Autosomal-dominant hypotrichosis with woolly hair: Novel gene locus on chromosome 4q35.1-q35.2.

Author information

1
Institute of Human Genetics, University of Bonn, School of Medicine & University Hospital Bonn, Bonn, Germany.
2
Department of Infection, Immunity, and Cardiovascular Disease, The Medical School, University of Sheffield, Sheffield, United Kingdom.
3
Department of Dermatology, Royal Hallamshire Hospital, Sheffield, United Kingdom.
4
Department of Psychiatry, Psychosomatics, and Psychotherapy, University Hospital Würzburg, Würzburg, Germany.
5
Department of Neuropathology and Department of Epileptology, University Hospital Bonn, Bonn, Germany.

Abstract

Hypotrichosis simplex (HS) with and without woolly hair (WH) comprises a group of rare, monogenic disorders of hair loss.
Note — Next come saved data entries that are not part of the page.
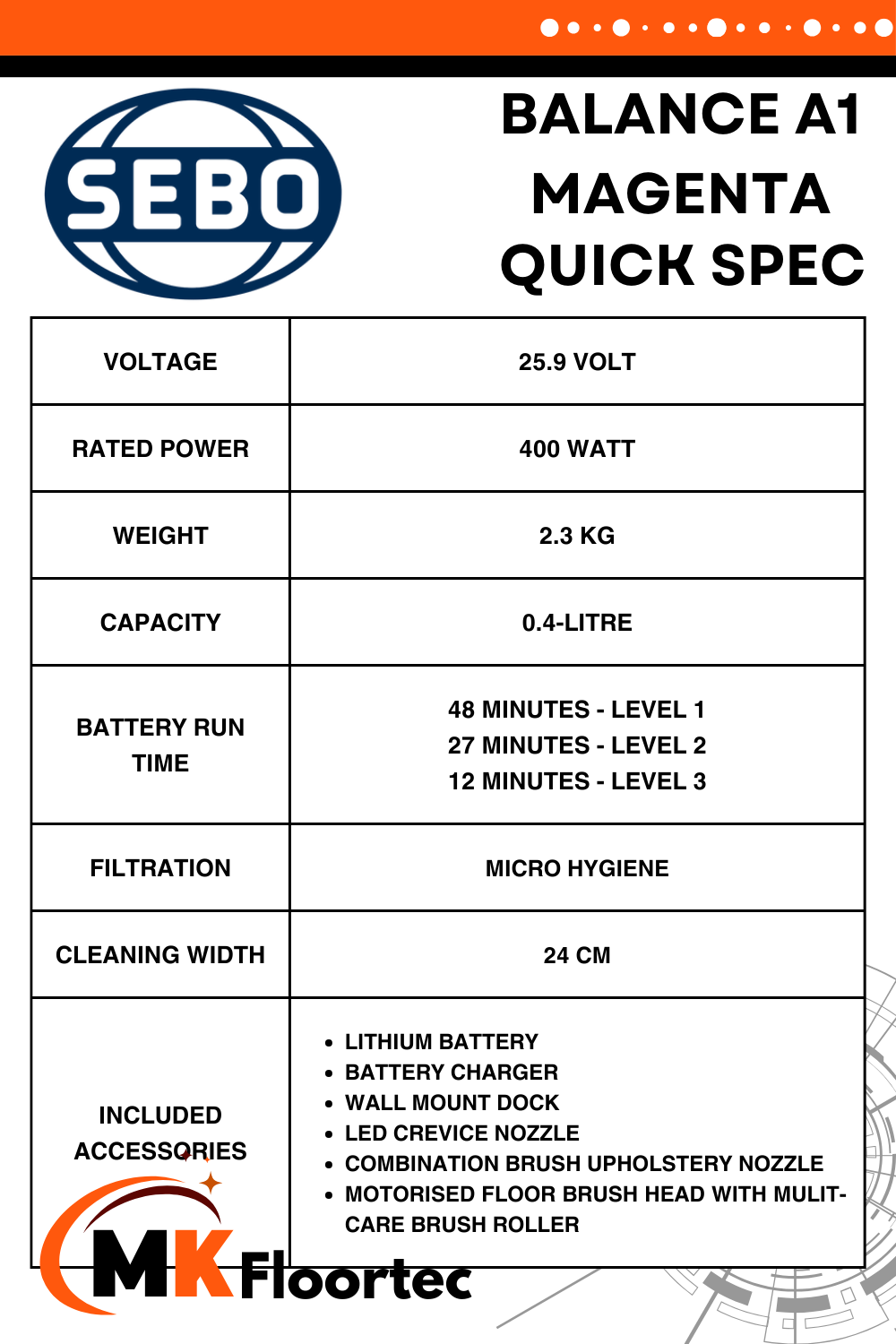 The Sebo Balance A1 Magenta is an innovative Cordless Stick Vacuum Cleaner, expertly crafted to tackle all types of floors and surfaces within your home. The Sebo Balance A1 merges decades of expertise with cutting-edge technology from a trusted worldwide vacuum cleaner brand. The Sebo Balance is the ideal battery-operated vacuum, offering balance and lightweight handling for effortless daily cleaning in a stunning Magenta hue. Engineered with precision by German designers, Balance A1 is ergonomic, lightweight, and adaptable, making it perfect for effective everyday vacuuming. It comes with a 2-year manufacturer warranty, contingent upon registration.
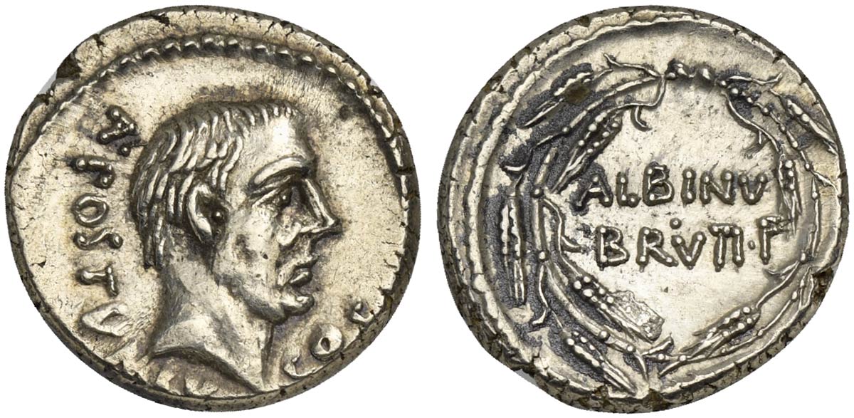 D. Junius Brutus Albinus, Denarius, Rome, 48 BC; AR (g 4,18; mm 17; h 7); Head of A. Postumius r.; around, A POSTVMIVS COS, Rv. ALBINV / BRVTI F, within wreath of corn-ears. Crawford 450/3b; Postumia 14; Sydenham 943a.
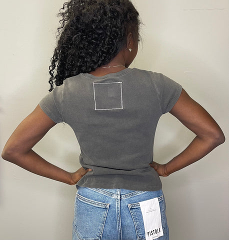 Rock legends meet conscious fashion in this Guns N’ Roses Cropped Graphic Tee by People of Leisure. Featuring an authentic “Sweet Child O’ Mine” graphic print, this faded charcoal tee is everything vintage dreams are made of. Designed with a slightly boxy cropped cut, soft hand-feel, and distressed wash, it channels a perfectly lived-in vibe from day one. Rolled sleeves and subtle stitching details elevate the look, making it easy to style with high-rise denim, a leather jacket, or oversized flannel. Whether you’re heading to a show or just vibing on a weekend coffee run, this tee brings that rebel energy.
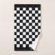 Ensemble de serviettes de bain abstrait en noir et blanc à damiers. Texte prêt à être personnalisé. Texte seulement d'un côté !
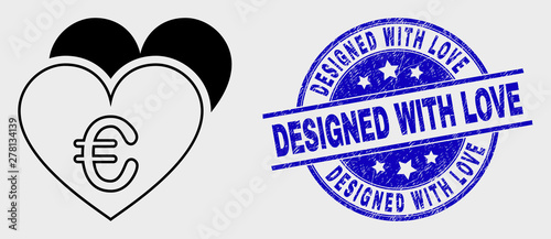 Vector linear euro love hearts icon and Designed with Love stamp. Blue rounded scratched seal stamp with Designed with Love text. Black isolated euro love hearts icon in contour style.
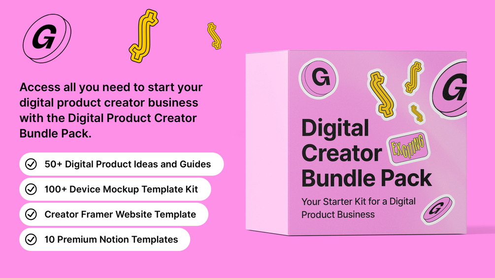 In the Digital Product Creator Bundle Pack, you can access everything you need to kickstart your own digital product creator business.
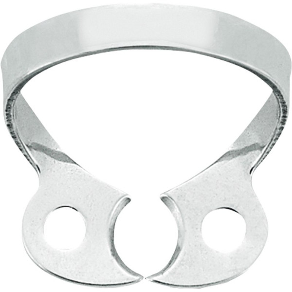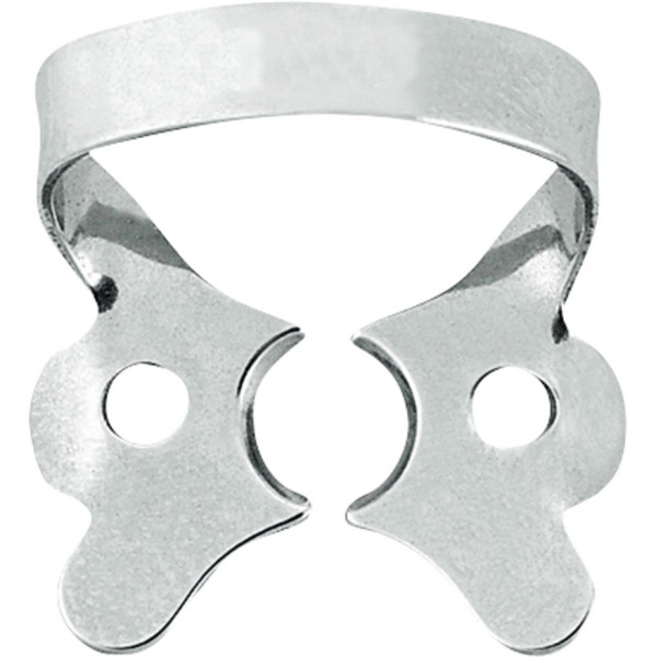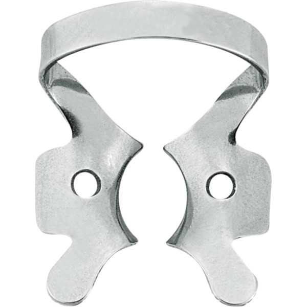 Hochwertige Edelstahlklammern mit zuverlässig konstanter Spannung zur Fixierung des Kofferdams am zu behandelnden Zahn.
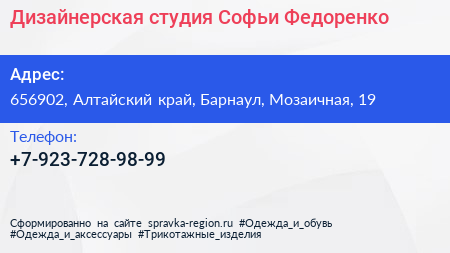 Дизайнерская студия Софьи Федоренко по адресу 656902, Алтайский край, Барнаул, Мозаичная, 19 в дальнейшем Организация, размещена в следующих категориях:
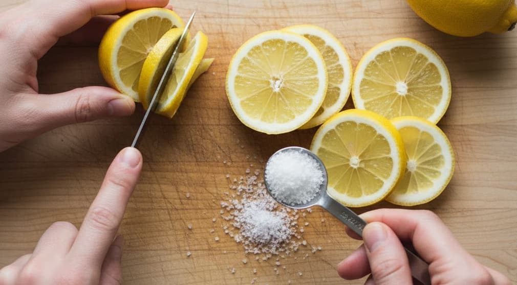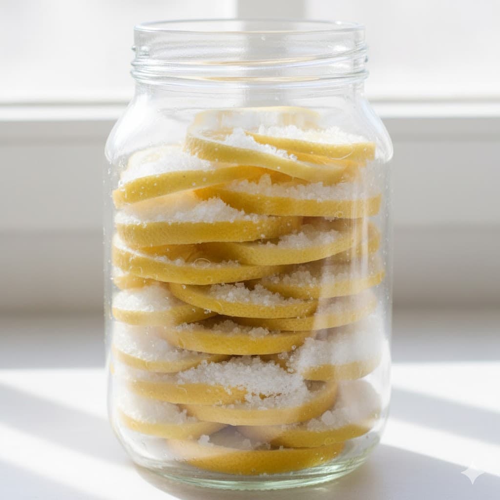 - 熟成2〜4週:レモンをくし切りにし、清潔な瓶に塩(重量の10%)と交互に詰める。半日常温→冷蔵、1日1回瓶を上下し、1週目から使用可。2〜4週で香りが丸くなる。
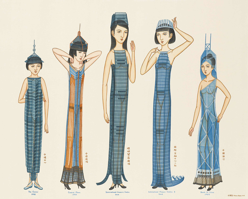 圖:《香港五幢最高大樓》,2011,水墨設色絹本,90×115厘米\作者供圖
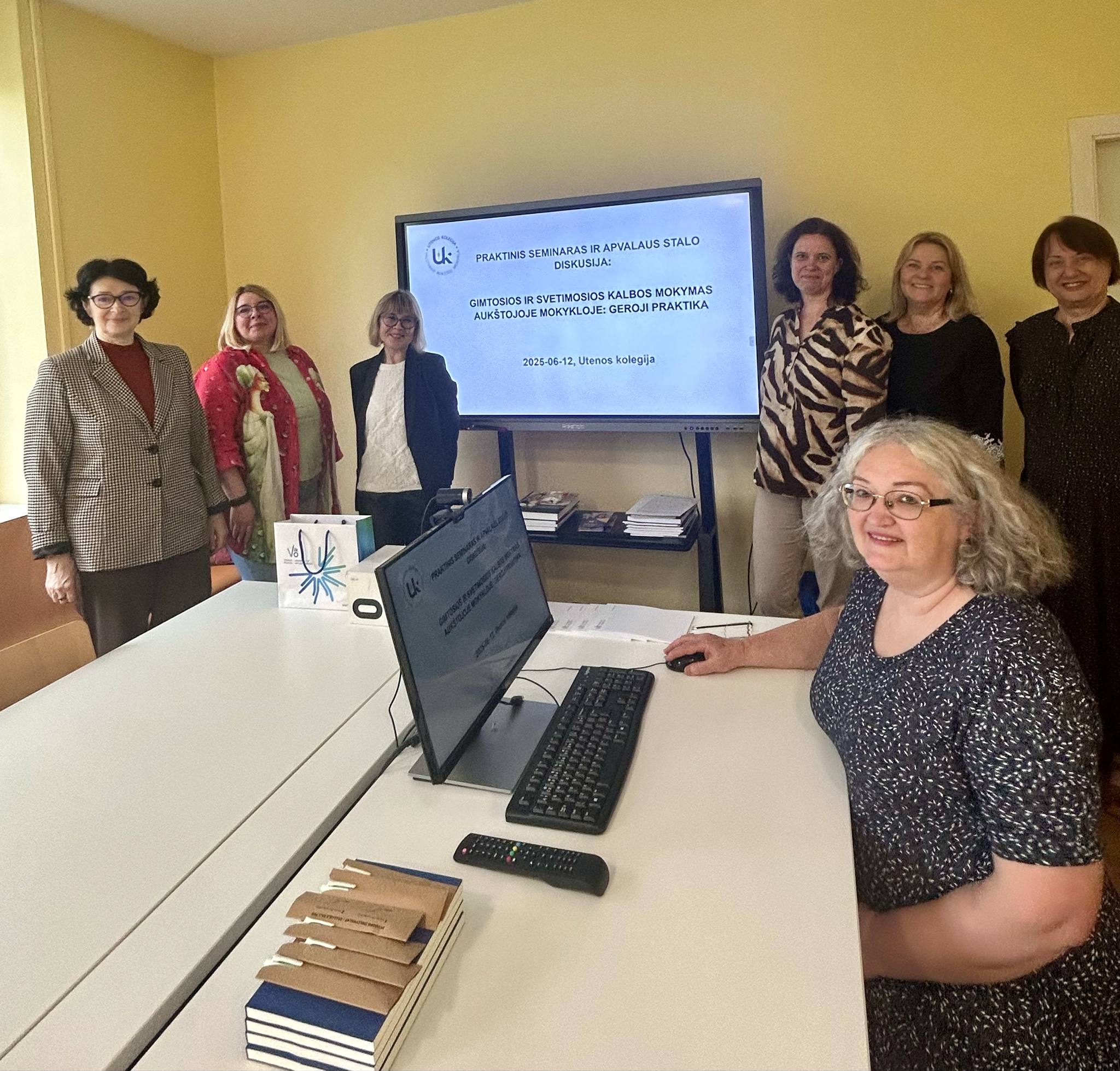 2025 m. birželio 12 d. Vilniaus kolegijos lektorės Beata Gervickaitė, Violeta Žemaitienė ir Jūratė Patackaitė dalyvavo seminare ir apskritojo stalo diskusijoje „Gimtosios ir svetimosios kalbos mokymas aukštojoje mokykloje: geroji praktika“, kuris vyko Utenos kolegijoje.
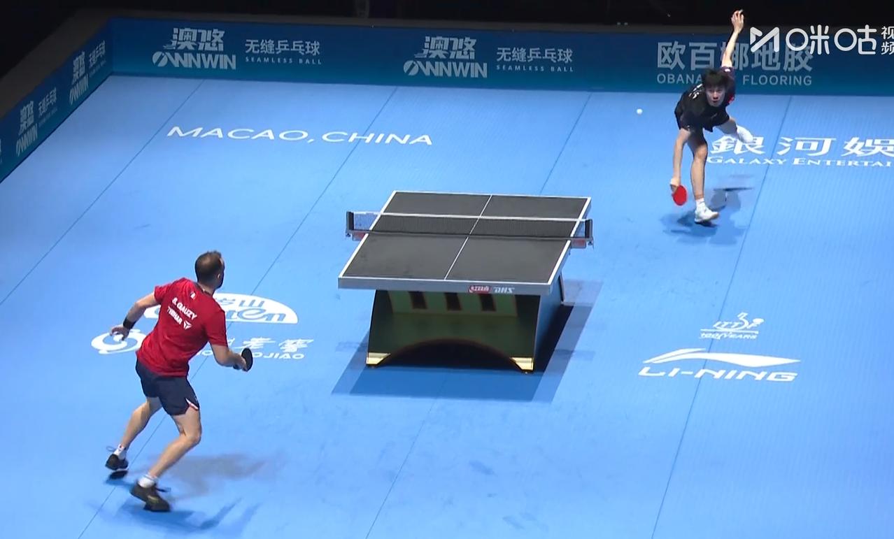 温瑞博和西蒙打的激情燃烧! 这才是真正的乒乓球比赛! 两个人远台对拉太漂亮了, 拼的也很凶。 第三局 温瑞博一个擦网球, 西蒙直接趴到台子上了, 没想到马上西蒙又一个擦网球, 温瑞博又趴在台子上了。 说明两人拼的太凶了。 今天小温的远台对攻绝了, 多次擦网,多次救球, 这比赛比打前三板的好看多了。
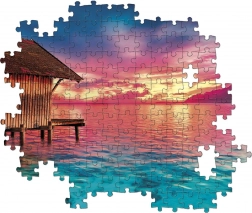 Scufundă-te în ritmul meditativ al asamblării cu puzzle-ul CLEMENTONI Peace – Living the Present. Culori bogate, tipar atent și piese care se potrivesc perfect oferă o experiență plăcută și o imagine superbă a unei căsuțe pe piloni deasupra apei liniștite, la apus.
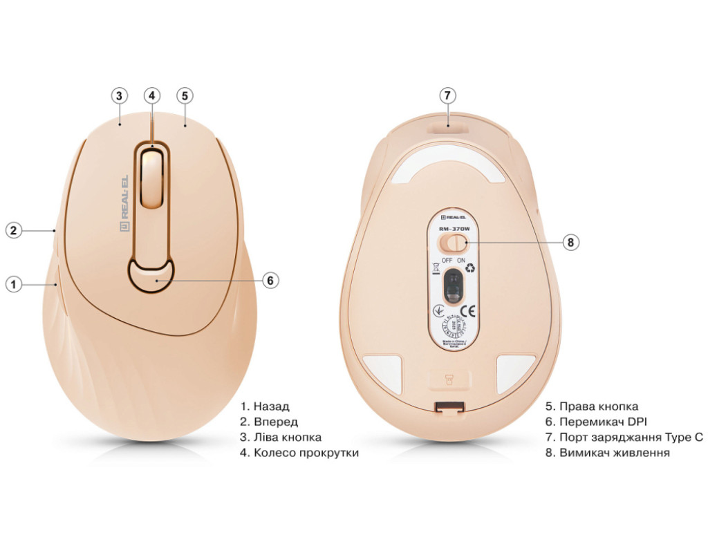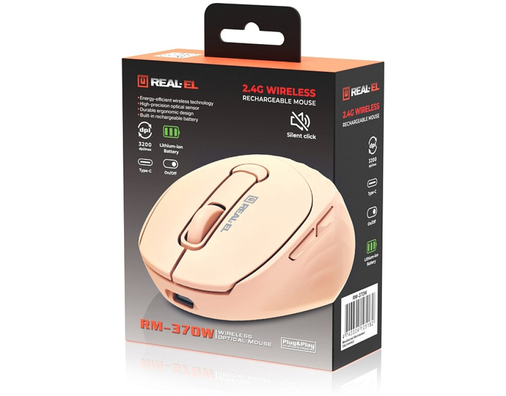 | Мишка REAL-EL RM-370W Wireless (EL123200056) - це ідеальне рішення для тих, хто цінує комфорт, точність та сучасні технології у компактному дизайні. Ця бездротова миша, виконана в елегантному бежевому кольорі, спеціально розроблена для зручної роботи з ноутбуком. Оснащена інтегрованою технологією підключення 2.4 ГГц, RM-370W забезпечує стабільний зв'язок без затримок на відстані до 10 метрів. Це дозволяє зосередитися на роботі чи навчанні без постійного переривання, підвищуючи вашу продуктивність. Інтерфейс підключення через USB Type-C та USB-адаптер гарантує універсальність та простоту у використанні з будь-якими сучасними пристроями. Основою високої точності миші є оптичний сенсор з максимальною роздільною здатністю 3200 dpi, що дозволяє легко регулювати чутливість курсора під різноманітні завдання. Незалежно від того, пишете ви електронний лист або редагуєте складний графічний проект, RM-370W забезпечує плавне та точне відстеження рухів. Завдяки ергономічній формі корпусу та приємному на дотик покриттю, RM-370W сприяє природному положенню руки, зменшуючи втому навіть під час тривалого використання. Легка вага у 65 грамів робить цей пристрій ідеальним компаньйоном для подорожей. Особливо цінним є безшумні бокові кнопки, які дозволяють працювати в офісі, бібліотеці або вдома, не турбуючи оточуючих. Це забезпечує комфортне середовище для тривалих робочих сесій або навчання. Вбудований акумулятор забезпечує тривалий час автономної роботи, усуваючи необхідність у постійній заміні батарейок. Зарядити мишу можна через USB-кабель, що входить у комплект, забезпечуючи легкість та зручність у використанні. Рішення економити енергію та високий рівень ергономіки роблять REAL-EL RM-370W не лише функціональною, але й екологічною. Вибираючи цю мишу, ви отримуєте прилад, що відповідає найвищим стандартам якості та інновацій. |
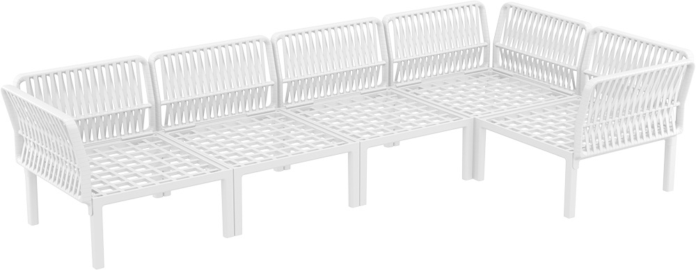 Комплект Portofino Lounge Corner Set от турецкой фабрики Siesta Contract представляет собой стильное и надежное решение для уличного использования в сферах HoReCa и Contract. Выполненная из высококачественного полипропилена, армированного стекловолокном, мебель комплекта отличается исключительной прочностью и устойчивостью к воздействию внешней среды. Благодаря новейшим технологиям формования пластмасс под давлением, материал устойчив к выцветанию и деформации, а нескользящие ножки обеспечивают безопасность и стабильность как внутри помещений, так и на улице. Особый акцент сделан на обволакивающей спинке, плавно переходящей в подлокотники, с 3D-эффектом плетения из плоского роупа, что придает мебели современный вид и визуально напоминает натуральное плетение, сохраняя при этом преимущества пластика.
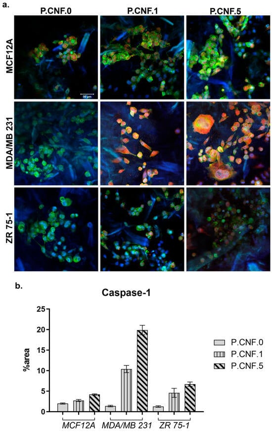 (a) Caspase-1 expression in MDA/MB 231 and ZR 75-1 breast cells, as compared to MCF12A normal breast cells, in contact with P.CNF-based scaffolds. Caspase-1 is shown in red (caspase-1-AF546), actin filaments are shown in green (phalloidin-FITC) and cell nuclei are shown in blue (Hoechst 33258). Scale bar 50 μm. (b) Quantification of caspase-1 staining.
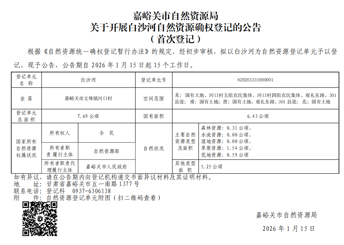 嘉峪关市自然资源局关于开展白沙河自然资源确权登记的公告(首次登记)
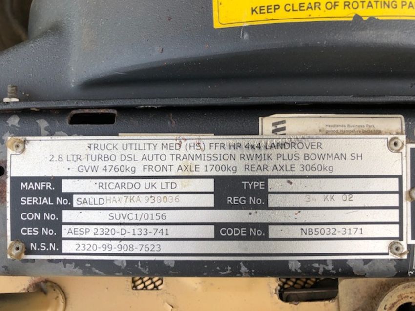 You are bidding on a recently released from the UK MoD a Land Rover RWMIK Plus. The vehicle is powered by a 2.8 Litre Turbo Diesel Engine and features an Automatic Gearbox. The speedometer shows 7,520km ( approx 4,600 miles only ). The first date into service was 12/10/1993.
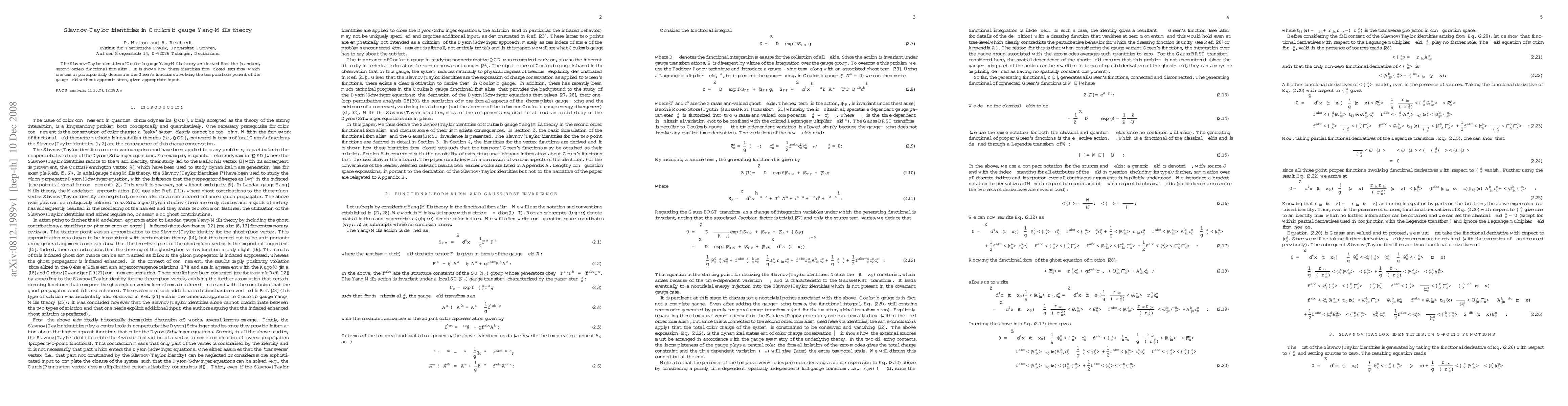 Summary: The paper derives Slavnov-Taylor identities for Coulomb gauge Yang-Mills theory using functional formalism, demonstrating they allow for the exact determination of Green's functions related to the temporal gauge field component.
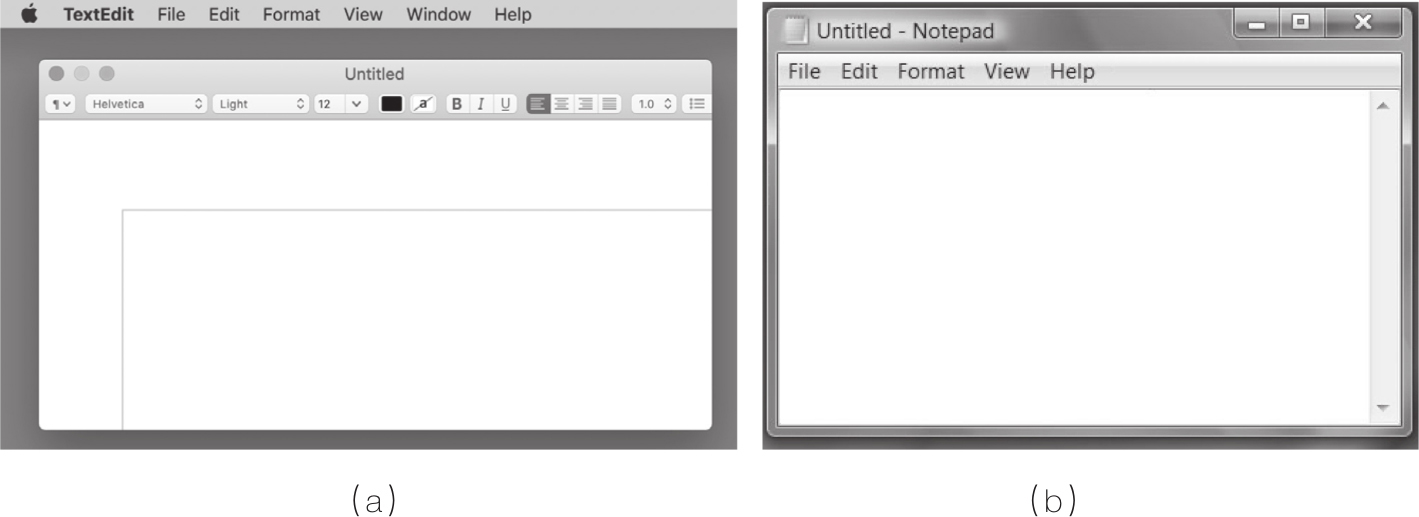 注:图a是macOS的菜单位置,软件的菜单栏总是出现在桌面的顶部;图b是Windows系统的菜单位置,菜单栏是软件窗口的一部分。

Patients present with a diffuse loss of scalp and/or body hair, which usually begins in early childhood and progresses into adulthood. Some of the patients also show hair that is tightly curled. Approximately 10 genes for autosomal recessive and autosomal dominant forms of HS have been identified in the last decade, among them five genes for the dominant form. We collected blood and buccal samples from 17 individuals of a large British family with HS and WH. After having sequenced all known dominant genes for HS in this family without the identification of any disease causing mutation, we performed a genome-wide scan, using the HumanLinkage-24 BeadChip, followed by a classical linkage analysis; and whole exome-sequencing (WES). Evidence for linkage was found for a region on chromosome 4q35.1-q35.2 with a maximum LOD score of 3.61. WES led to the identification of a mutation in the gene SORBS2, encoding sorbin and SH3 domain containing 2. Unfortunately, we could not find an additional mutation in any other patient/family with HS; and in cell culture, we could not observe any difference between cloned wildtype and mutant SORBS2 using western blotting and immunofluorescence analyses. Therefore, at present, SORBS2 cannot be considered a definite disease gene for this phenotype. However, the locus on chromosome 4q is a robust and novel finding for hypotrichosis with woolly hair. Further fine mapping and sequencing efforts are therefore warranted in order to confirm SORBS2 as a plausible HS disease gene.

Conflict of interest statement

The authors have declared that no competing interests exist.